Location
- 5550 North Lycee Bel Aire, Kansas 67226 United States
- 37°47′06″N 97°14′20″W﻿ / ﻿37.7849°N 97.2390°W

Information
- School type: Public, Magnet High School
- Established: 1990
- School board: www.usd259.org/boe
- School district: Wichita USD 259
- CEEB code: 173183
- Principal: Ben Myrick
- Teaching staff: 489.80 (FTE)
- Grades: 9 to 12
- Gender: coed
- Enrollment: 681 (2023-2024)
- Student to teacher ratio: 13.67
- Campus type: Urban
- Colors: Purple Silver
- Mascot: Griffin
- Communities served: Wichita, Bel Aire, Eastborough, Kechi, Park City
- Website: School website

= Northeast Magnet High School =

Northeast Magnet High School, known locally as Northeast, is a public magnet high school in Bel Aire, Kansas, United States. It is operated by Wichita USD 259 school district. Northeast Magnet High School was the first magnet high school in Kansas. The magnet areas at Northeast include visual arts, science, and law. Students are also exposed to mathematics and language arts. Since it is a pure (non-neighborhood) magnet school, there is no district boundary placed by the school district, meaning any high school age student within the Wichita district limits, can attend the school without requiring a special transfer, they still, however, are required to apply for the school, then students are selected at random to attend.

==History==
In 1988, the district administration surveyed all eighth through eleventh grade students in the district to determine what special or choice high school programs would be most attractive. The responses indicated a very strong interest in science/technology as well as the visual arts.
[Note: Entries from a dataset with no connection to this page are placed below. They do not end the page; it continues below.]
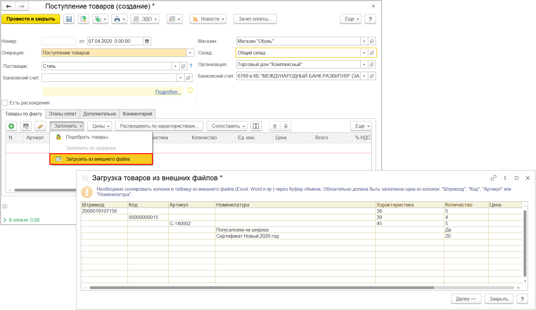 Для этого необходимо выполнить команду Загрузить из внешнего файла. В документе Заказ поставщику она запускается
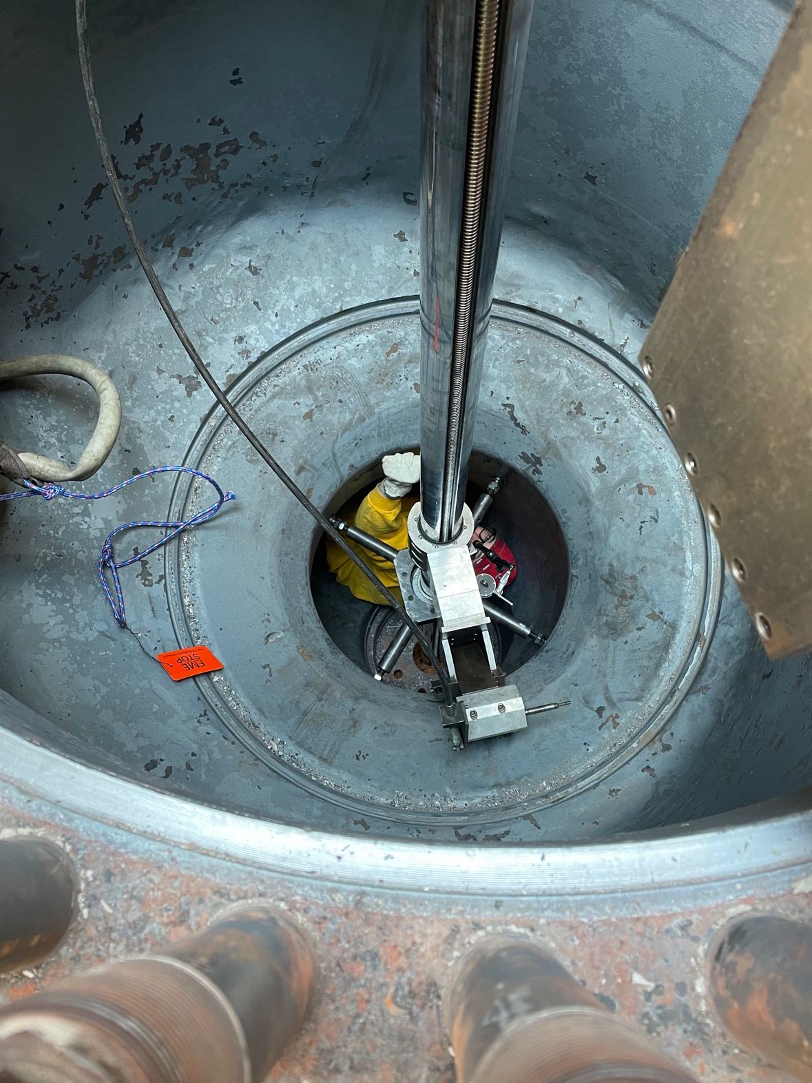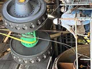 Single point machining combined reheat stop/intercept valve seat at Vistra Luminant GE 900 MW turbine in Texas. Just one of many seats now restored back to design specs by the Turbine group at T&W....
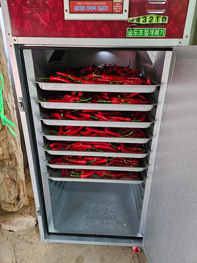 오늘고추 3물 수확해서 잘씼어 건조기에 말리고 있어요

Northeast Magnet High School opened in 1990 as a secondary school of choice in the Community Education Center, originally called Mathewson Intermediate School. The Community Education Center site was chosen because of its proximity to Wichita State University. The colleges of Engineering and Fine Arts helped in the development of the program. Necessary remodeling was done and the Northeast Magnet High School began in August 1990 with the magnet choices of science/technology and visual art.
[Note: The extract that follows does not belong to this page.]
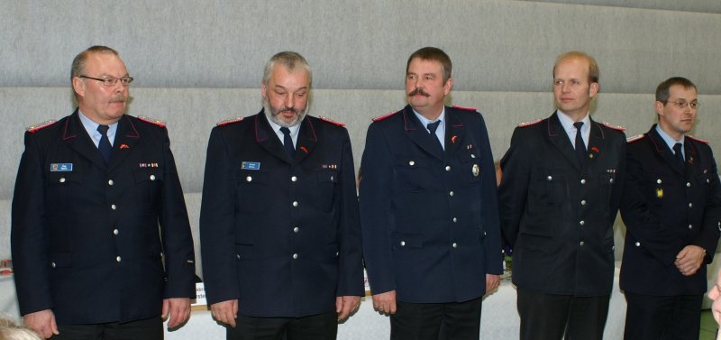 Bei den Gemeindebrandmeistern, Oberlöschmeister Bernd Wehling zum Hauptlöschmeister, Oberbrandmeister Volker Gätjens zum Hauptbrandmeister, Oberbrandmeister Markus Braun zum Hauptbrandmeister, Hauptbrandmeister Dirk Baumann zum ersten Hauptbrandmeister und Hauptbrandmeister Mirko Dannenfeld zum Ersten Hauptbrandmeister.
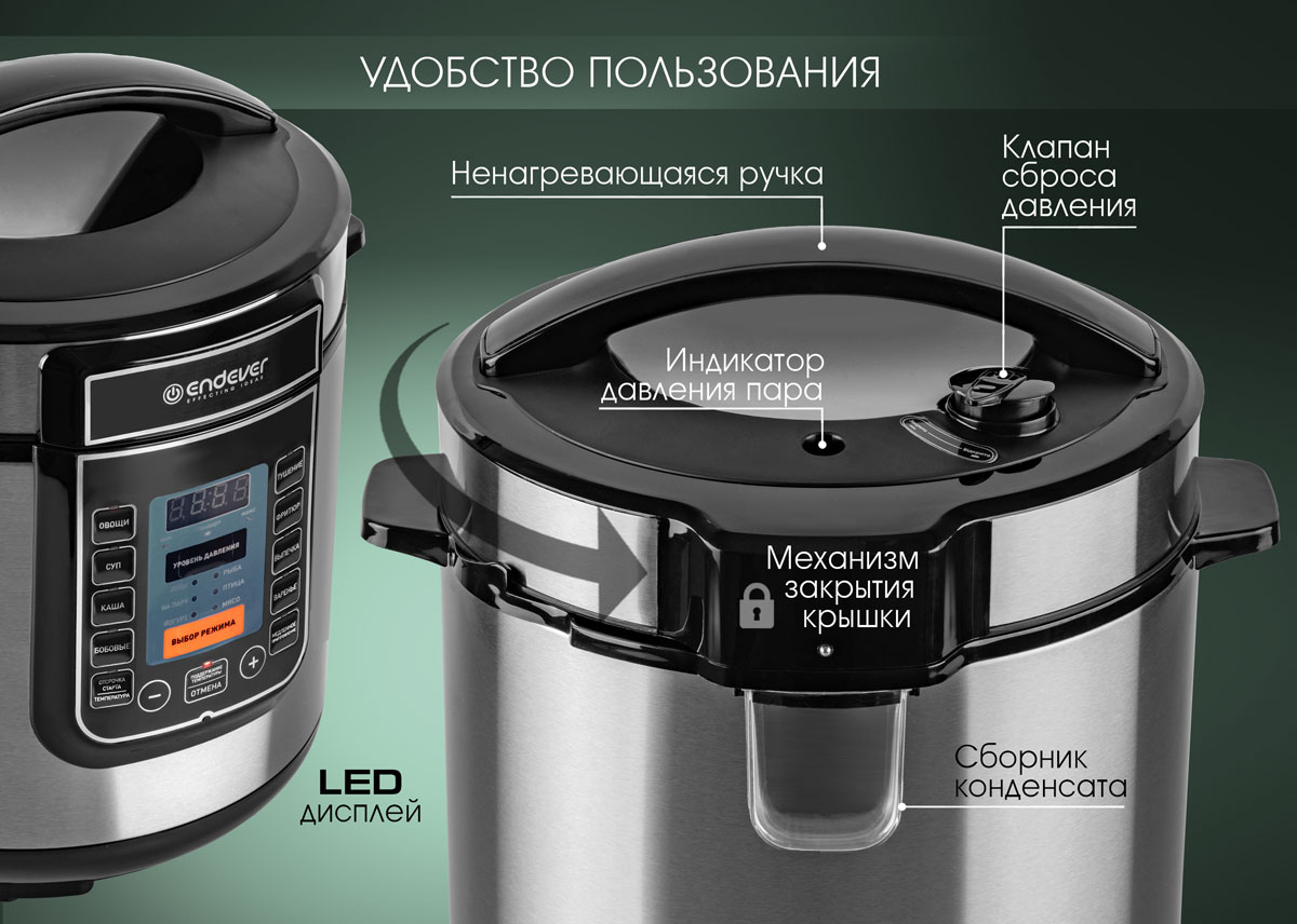 Мы также позаботились о вашей безопасности. Наша скороварка оборудована защитой от перегрева, что предотвращает возможные неприятности.

In 1996, Northeast Magnet merged with the Downtown Law Magnet program, and in 1998, the law program moved from City Hall to its current location.
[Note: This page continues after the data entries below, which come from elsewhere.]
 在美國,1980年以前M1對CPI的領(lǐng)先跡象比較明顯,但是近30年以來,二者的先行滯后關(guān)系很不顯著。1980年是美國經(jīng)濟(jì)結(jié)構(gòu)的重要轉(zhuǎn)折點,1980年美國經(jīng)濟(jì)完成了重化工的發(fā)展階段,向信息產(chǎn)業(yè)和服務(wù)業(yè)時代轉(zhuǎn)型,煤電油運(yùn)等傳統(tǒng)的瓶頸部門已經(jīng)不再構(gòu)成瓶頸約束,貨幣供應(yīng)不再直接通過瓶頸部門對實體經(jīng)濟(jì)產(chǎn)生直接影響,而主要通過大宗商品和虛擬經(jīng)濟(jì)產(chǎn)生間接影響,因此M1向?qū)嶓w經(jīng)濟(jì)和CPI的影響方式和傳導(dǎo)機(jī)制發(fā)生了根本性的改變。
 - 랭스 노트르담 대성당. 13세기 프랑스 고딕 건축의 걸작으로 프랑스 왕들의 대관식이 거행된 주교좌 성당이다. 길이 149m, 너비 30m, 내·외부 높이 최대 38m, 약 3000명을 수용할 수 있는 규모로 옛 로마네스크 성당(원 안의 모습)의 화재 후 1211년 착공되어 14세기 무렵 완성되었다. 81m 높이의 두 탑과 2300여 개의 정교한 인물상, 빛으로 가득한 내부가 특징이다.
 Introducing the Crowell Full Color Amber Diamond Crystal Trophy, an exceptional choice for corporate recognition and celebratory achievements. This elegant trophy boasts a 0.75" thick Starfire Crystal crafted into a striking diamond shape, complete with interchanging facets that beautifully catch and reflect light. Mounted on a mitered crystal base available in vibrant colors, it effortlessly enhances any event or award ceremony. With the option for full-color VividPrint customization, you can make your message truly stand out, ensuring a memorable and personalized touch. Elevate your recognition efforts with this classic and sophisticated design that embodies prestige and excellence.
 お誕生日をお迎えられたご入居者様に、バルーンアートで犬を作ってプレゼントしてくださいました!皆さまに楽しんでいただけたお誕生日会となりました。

In the early 2000s the school was updated through the passed bond issue. Renovations included, but were not limited to, the cafeteria and science classrooms.

In 2008, a bond issue was approved to build 5 new schools in USD 259, which included a new high school. It was decided the new high school would replace the existing Northeast Magnet High School at 1847 North Chautauqua Street in Wichita. The new school is located approximately 6 miles northeast of the older school. In the fall of 2012, the new Northeast Magnet High School was opened to students.

Northeast Magnet has been ranked as #7 best high school in Kansas according to US News.

==Academics==
Northeast Magnet's schedule utilizes a seven 45-minute classes per day. Students at Northeast Magnet focus on only seven subjects per semester. This is intended to allow students the opportunity for more in-depth knowledge and understanding. Wichita Northeast Magnet consists of an academic core of English, mathematics, science and social studies. Math is not required all four years although it's required for eligibility for scholarships. Science magnet students graduate with eight science credits, with all students expected to have four science credits. Students are expected to graduate with a minimum of four social studies credits. Elective courses are limited with all students encouraged to complete a minimum of two credits of Spanish. Northeast Magnet also offers courses and opportunities that are typically not available at other schools. Forensics, aviation, mock trial, engineering, mentorship and other courses are available for students. Off-campus opportunities through city arts, local galleries and professional settings are also available. Several students also enroll concurrently at Wichita State University and WATC for special courses or general requirements for college.

Northeast Magnet offers a student of the year award. This awarding system was established in the 2008–2009 school year. Towards the end of the school year, the school faculty vote and decide on choosing six students from the four grade levels to be nominated for the award. Out of the six chosen students, only two obtain the award. The award is based upon student leadership and how they interact in their community. After the two winning students are picked, the awards are presented at the "Evening of Excellence" held in the spring.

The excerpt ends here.